The core failure is breathtaking. A consultant reportedly estimated rock density at eight percent when reality screamed 80%. As Director Raitoko rightly stated, rocks littered the surface – visible to anyone. This was not a hidden fault; it was a fundamental, avoidable error that should have been caught in the design phase. Proceeding without thorough geotechnical checks, as admitted, was reckless. The result? Costs ballooned from the initial P707 million to P3.4 billion – a burden shouldered by every Motswana taxpayer.
But the true cost is not just in pula. It’s etched onto the landscape and lives of Kanye. First, lives are disrupted daily by blasting. Heavy machinery drills and explodes through the rocky terrain, often mere metres from homes. Residents endure constant fear and actual damage – cracks appearing in their walls, their peace shattered. As one source admitted, blasting happens multiple times, inevitably damaging houses built unknowingly on rock. This isn’t just construction noise; it’s domestic terror for families.
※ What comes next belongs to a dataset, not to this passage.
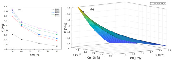 Figure 7b represents the response surface expressed by the approach of Equation (3), for which this auto-ignition delay is represented as a function of the quantities of hydrogen and natural gas existing in the combustion chamber. Knowing that the amount of diesel injected as a pilot fuel is fixed (5 g/min) for all operating cases.

Second, lives are stalled by unfairness and frustration. Landowners face a nightmare as negotiations for easements drag on for years. Compensation payments are delayed, deemed unfair, or outright refused. Homeowners feel powerless, their properties invaded, their concerns seemingly ignored. Some simply refuse access, labelled “impossible” by contractors, causing costly diversions and delays. This is not negotiation; it is a breeding ground for coercion and bitter confusion, leaving families in limbo.
Third, the ripple effects impact everyone. Water seepage, unexpected challenges importing materials, and the need to re-route pipelines add layers of complexity and cost. The entire community is now a permanent construction zone, its natural rhythm and environment disrupted indefinitely by a project riddled with avoidable problems.
Enough is enough. To all involved in tendering – consultants, government evaluators, bidding contractors: Consultants must remember your reports are not just paperwork; they are blueprints for real-world impact. Survey sites thoroughly. Challenge assumptions. Be brutally honest about ground conditions. Lives and livelihoods hang on your accuracy.
The P2.7 billion error is a national scandal. But the greater scandal is the human cost borne by the people of Kanye – the fear, the disruption, and the unfairness. Tender processes are not abstract administrative exercises. They are the foundation upon which communities are built or broken. It is time for everyone in the chain to look beyond the bottom line, see the faces affected, and finally, consistently, do the right thing. Batswana deserve nothing less.